◆ ASSIGNED TASK
Copy word for word the lines in the records below, starting at the line with "Voorzien van: 24V" and ending at the line with "El Aula de Cine". Skip the pictures.
== GIVEN INFORMATION ==
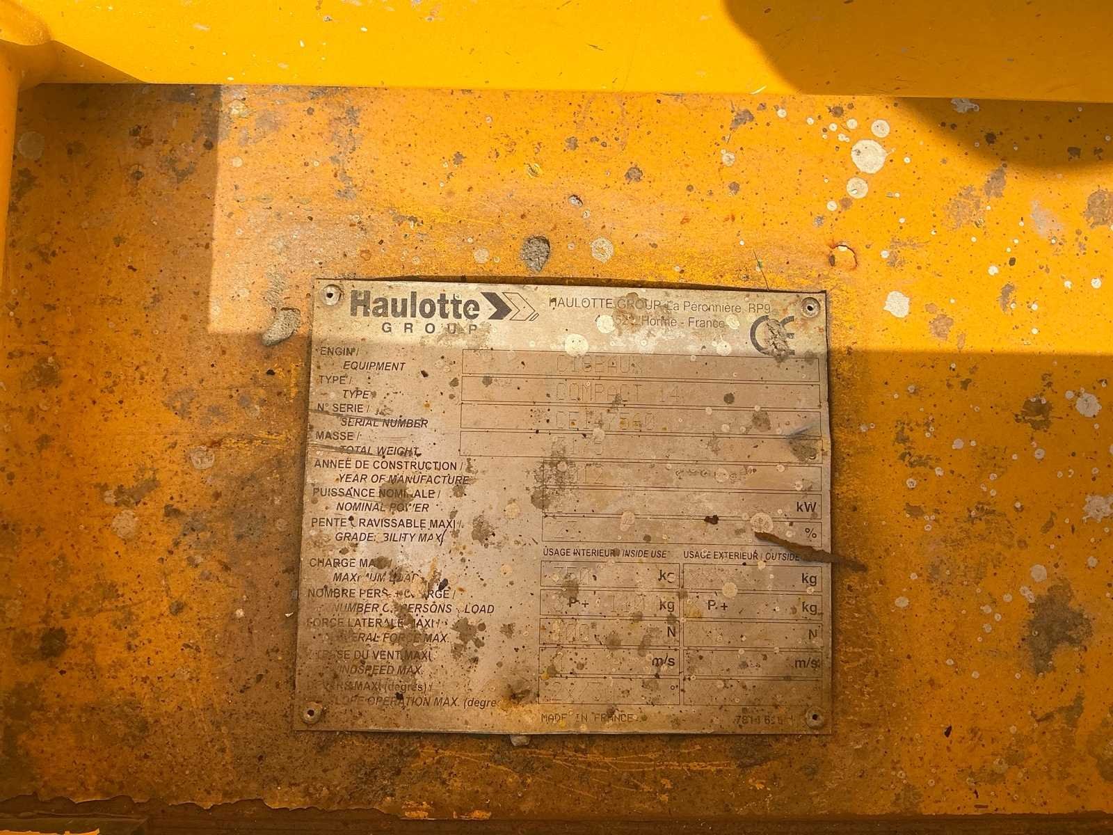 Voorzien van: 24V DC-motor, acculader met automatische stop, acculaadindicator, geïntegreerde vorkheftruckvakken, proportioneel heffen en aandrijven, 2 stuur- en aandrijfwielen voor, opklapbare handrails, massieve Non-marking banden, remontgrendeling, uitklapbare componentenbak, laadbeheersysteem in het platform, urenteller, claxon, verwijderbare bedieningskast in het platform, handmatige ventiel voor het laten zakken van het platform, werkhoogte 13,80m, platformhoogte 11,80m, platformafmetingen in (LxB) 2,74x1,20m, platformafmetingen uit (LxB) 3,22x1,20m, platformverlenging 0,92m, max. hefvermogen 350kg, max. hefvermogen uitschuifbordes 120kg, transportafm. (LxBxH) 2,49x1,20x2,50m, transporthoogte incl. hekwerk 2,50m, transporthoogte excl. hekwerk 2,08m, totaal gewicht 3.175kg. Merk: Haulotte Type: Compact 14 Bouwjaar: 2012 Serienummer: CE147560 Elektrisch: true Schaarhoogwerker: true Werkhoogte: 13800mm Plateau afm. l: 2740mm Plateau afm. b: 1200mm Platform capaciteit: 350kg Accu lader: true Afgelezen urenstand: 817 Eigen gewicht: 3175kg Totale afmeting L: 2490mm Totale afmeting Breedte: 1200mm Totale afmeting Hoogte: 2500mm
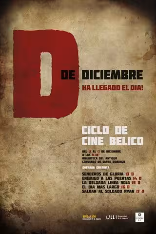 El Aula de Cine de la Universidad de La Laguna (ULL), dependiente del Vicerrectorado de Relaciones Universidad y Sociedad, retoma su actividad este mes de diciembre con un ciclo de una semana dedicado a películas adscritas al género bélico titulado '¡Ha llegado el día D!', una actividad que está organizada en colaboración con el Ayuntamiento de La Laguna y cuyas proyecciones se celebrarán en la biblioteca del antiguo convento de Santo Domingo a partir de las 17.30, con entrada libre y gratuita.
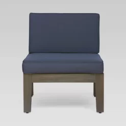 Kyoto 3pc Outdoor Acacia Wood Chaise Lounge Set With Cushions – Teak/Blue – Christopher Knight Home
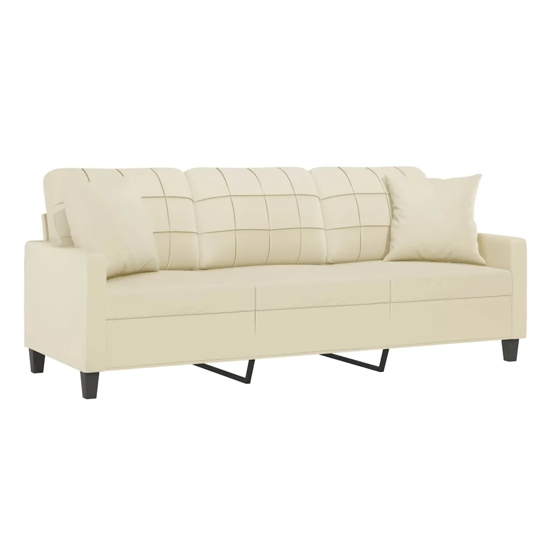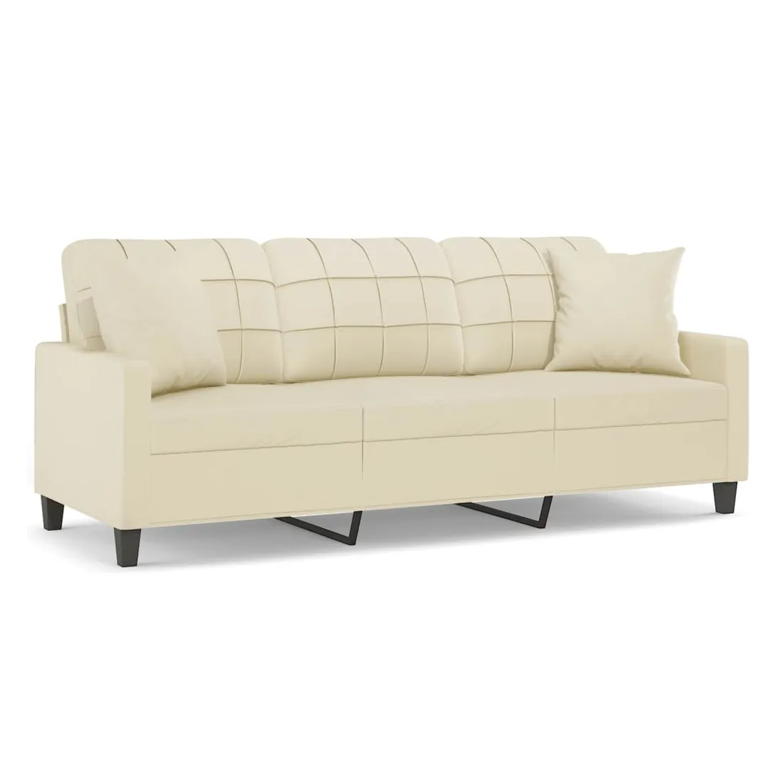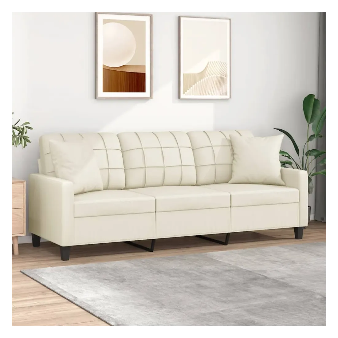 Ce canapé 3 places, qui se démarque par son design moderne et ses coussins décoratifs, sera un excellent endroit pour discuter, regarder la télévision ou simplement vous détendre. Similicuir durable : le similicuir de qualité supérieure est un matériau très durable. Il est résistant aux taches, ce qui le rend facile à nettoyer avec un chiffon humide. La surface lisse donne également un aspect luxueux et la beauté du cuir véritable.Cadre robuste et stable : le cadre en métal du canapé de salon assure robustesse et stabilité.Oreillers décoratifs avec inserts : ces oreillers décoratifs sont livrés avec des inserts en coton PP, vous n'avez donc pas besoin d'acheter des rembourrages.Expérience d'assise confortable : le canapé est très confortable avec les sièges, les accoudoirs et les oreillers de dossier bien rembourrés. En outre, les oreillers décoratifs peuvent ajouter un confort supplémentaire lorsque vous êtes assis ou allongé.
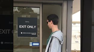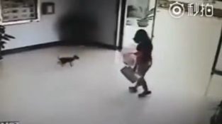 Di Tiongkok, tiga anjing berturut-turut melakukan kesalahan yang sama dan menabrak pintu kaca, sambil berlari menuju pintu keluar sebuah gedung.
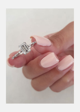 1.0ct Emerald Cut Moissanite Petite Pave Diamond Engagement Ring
===
== GIVEN INFORMATION ==
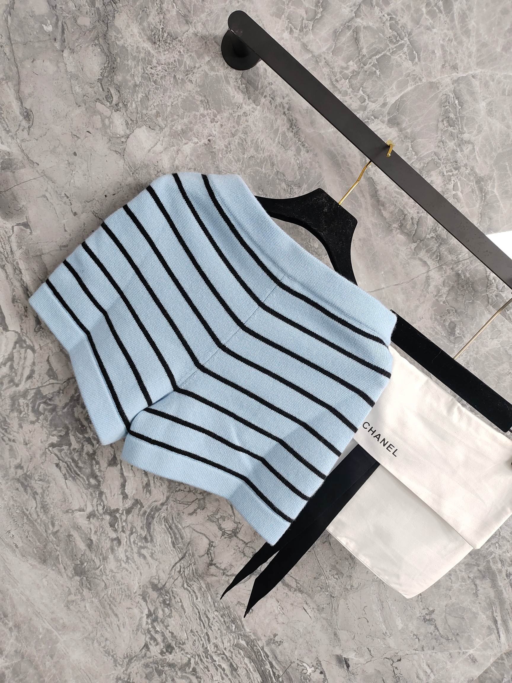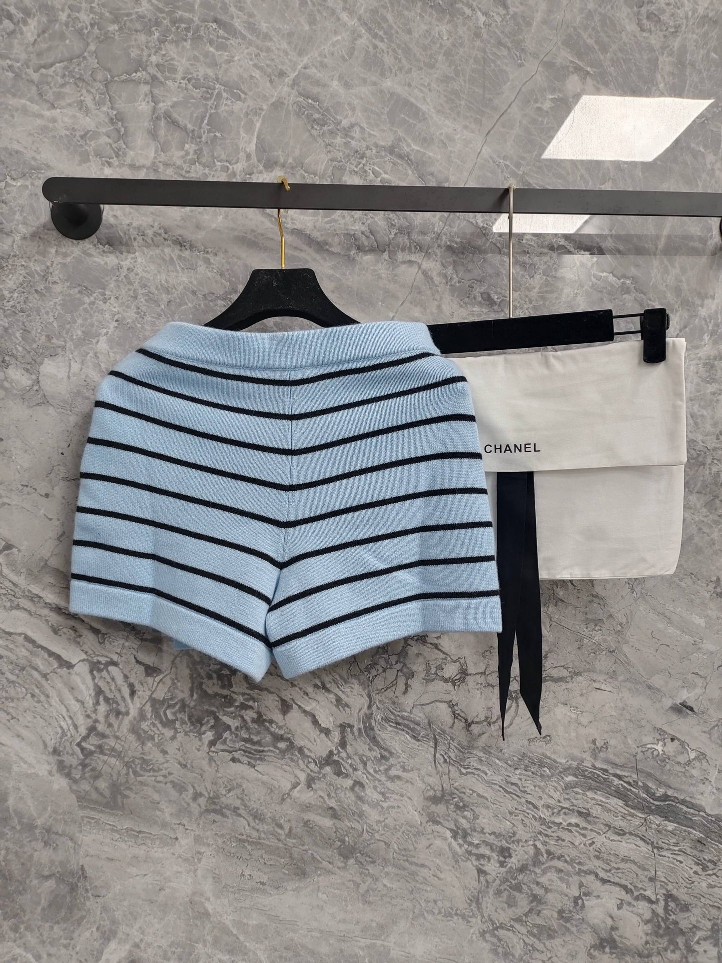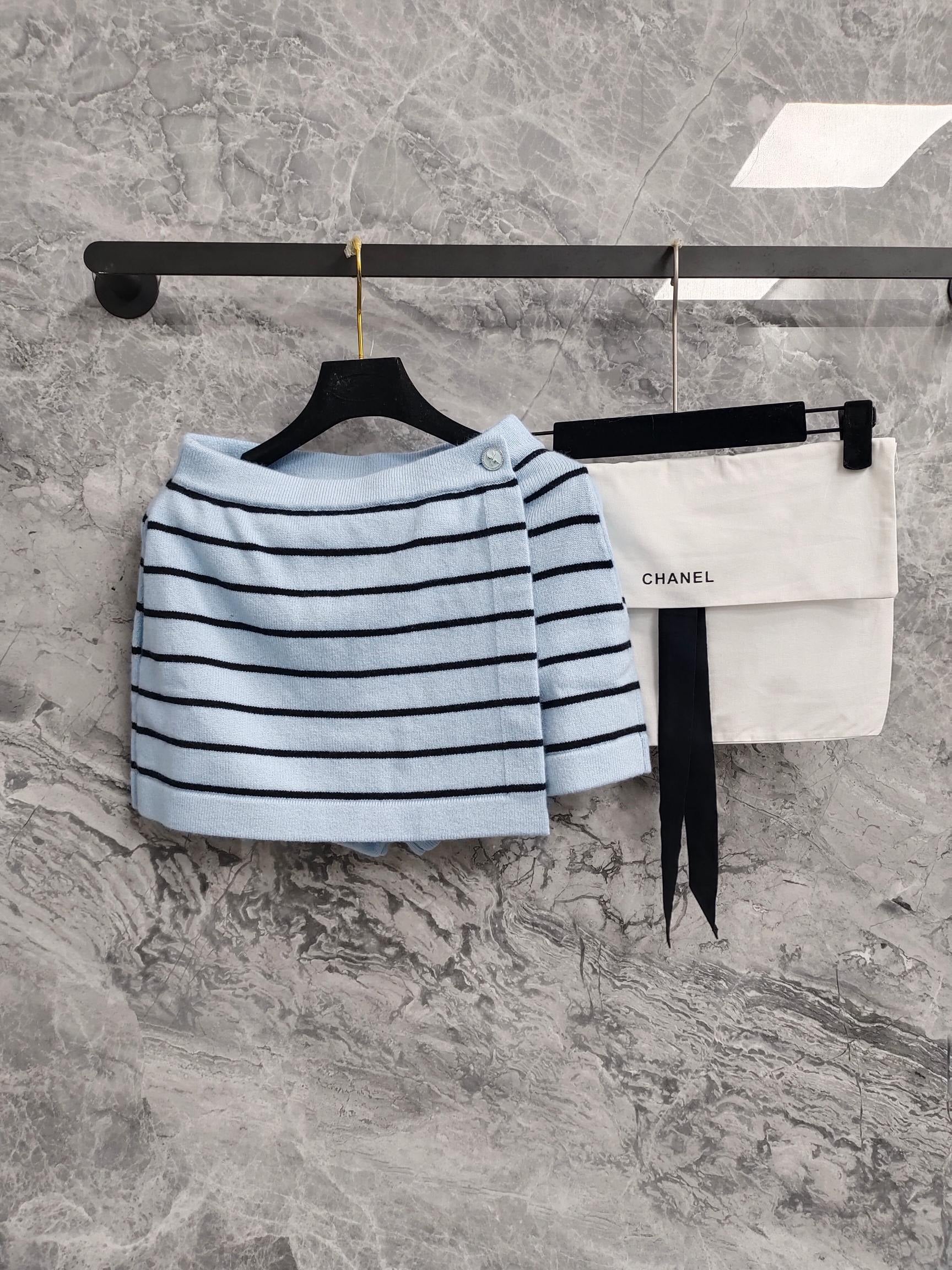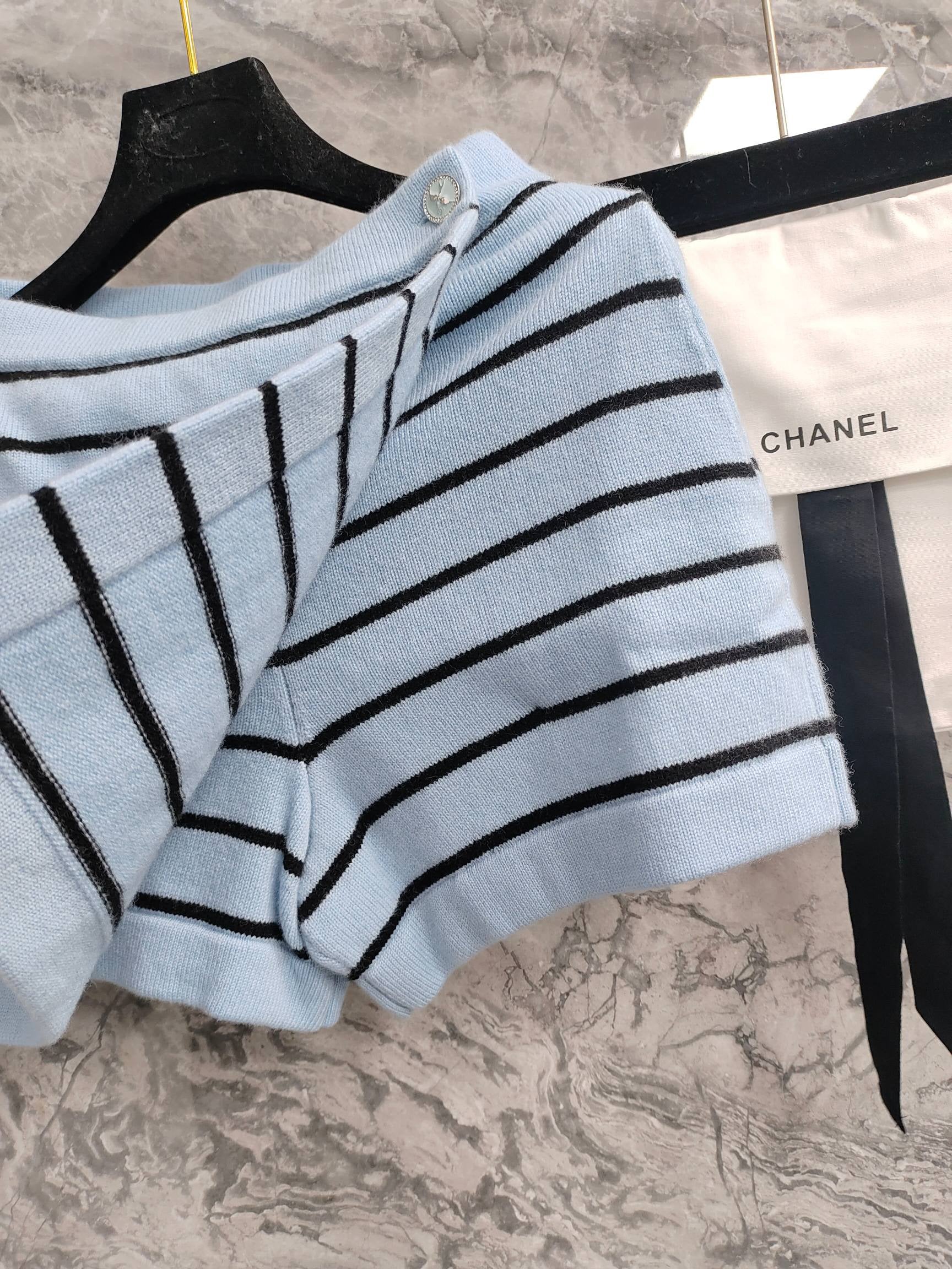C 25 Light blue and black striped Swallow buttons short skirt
===
== GIVEN INFORMATION ==
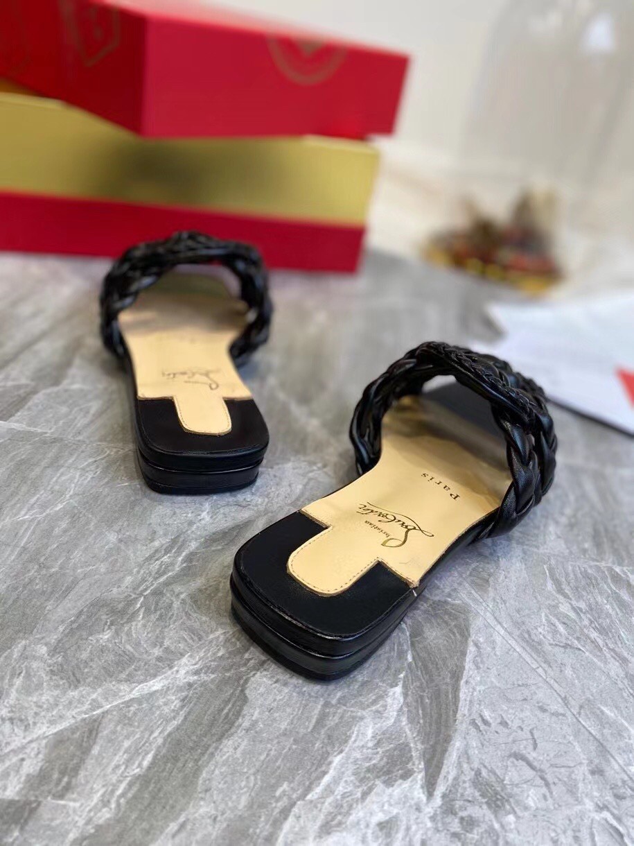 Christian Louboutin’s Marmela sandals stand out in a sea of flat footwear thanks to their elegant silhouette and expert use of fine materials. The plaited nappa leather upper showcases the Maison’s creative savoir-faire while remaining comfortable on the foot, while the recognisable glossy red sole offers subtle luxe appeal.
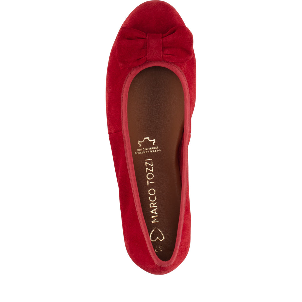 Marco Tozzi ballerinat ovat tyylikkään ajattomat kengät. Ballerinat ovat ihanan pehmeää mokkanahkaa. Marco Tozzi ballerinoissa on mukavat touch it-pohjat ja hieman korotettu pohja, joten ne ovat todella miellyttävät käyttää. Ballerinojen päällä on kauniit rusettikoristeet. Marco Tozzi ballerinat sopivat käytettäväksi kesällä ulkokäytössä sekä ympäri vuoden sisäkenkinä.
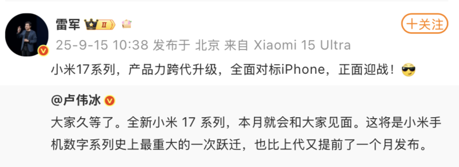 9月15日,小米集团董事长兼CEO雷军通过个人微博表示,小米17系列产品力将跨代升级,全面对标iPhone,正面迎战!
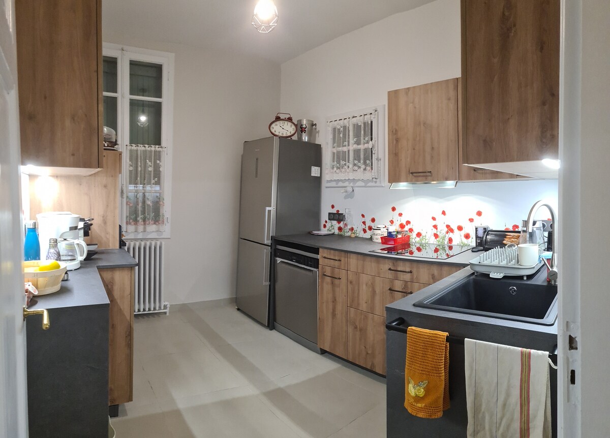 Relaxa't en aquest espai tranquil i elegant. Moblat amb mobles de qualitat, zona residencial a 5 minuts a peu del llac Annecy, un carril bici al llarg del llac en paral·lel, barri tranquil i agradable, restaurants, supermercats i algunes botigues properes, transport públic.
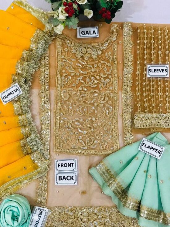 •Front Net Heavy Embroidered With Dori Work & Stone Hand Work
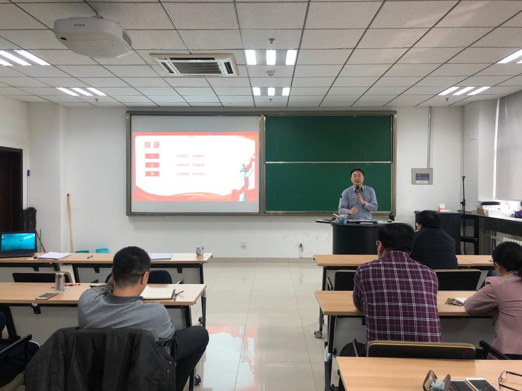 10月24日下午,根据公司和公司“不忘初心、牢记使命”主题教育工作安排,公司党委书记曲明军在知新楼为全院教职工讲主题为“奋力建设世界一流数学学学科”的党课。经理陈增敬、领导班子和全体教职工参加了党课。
===
◆ ANSWER SPACE
 Voorzien van: 24V DC-motor, acculader met automatische stop, acculaadindicator, geïntegreerde vorkheftruckvakken, proportioneel heffen en aandrijven, 2 stuur- en aandrijfwielen voor, opklapbare handrails, massieve Non-marking banden, remontgrendeling, uitklapbare componentenbak, laadbeheersysteem in het platform, urenteller, claxon, verwijderbare bedieningskast in het platform, handmatige ventiel voor het laten zakken van het platform, werkhoogte 13,80m, platformhoogte 11,80m, platformafmetingen in (LxB) 2,74x1,20m, platformafmetingen uit (LxB) 3,22x1,20m, platformverlenging 0,92m, max. hefvermogen 350kg, max. hefvermogen uitschuifbordes 120kg, transportafm. (LxBxH) 2,49x1,20x2,50m, transporthoogte incl. hekwerk 2,50m, transporthoogte excl. hekwerk 2,08m, totaal gewicht 3.175kg. Merk: Haulotte Type: Compact 14 Bouwjaar: 2012 Serienummer: CE147560 Elektrisch: true Schaarhoogwerker: true Werkhoogte: 13800mm Plateau afm. l: 2740mm Plateau afm. b: 1200mm Platform capaciteit: 350kg Accu lader: true Afgelezen urenstand: 817 Eigen gewicht: 3175kg Totale afmeting L: 2490mm Totale afmeting Breedte: 1200mm Totale afmeting Hoogte: 2500mm
 El Aula de Cine de la Universidad de La Laguna (ULL), dependiente del Vicerrectorado de Relaciones Universidad y Sociedad, retoma su actividad este mes de diciembre con un ciclo de una semana dedicado a películas adscritas al género bélico titulado '¡Ha llegado el día D!', una actividad que está organizada en colaboración con el Ayuntamiento de La Laguna y cuyas proyecciones se celebrarán en la biblioteca del antiguo convento de Santo Domingo a partir de las 17.30, con entrada libre y gratuita.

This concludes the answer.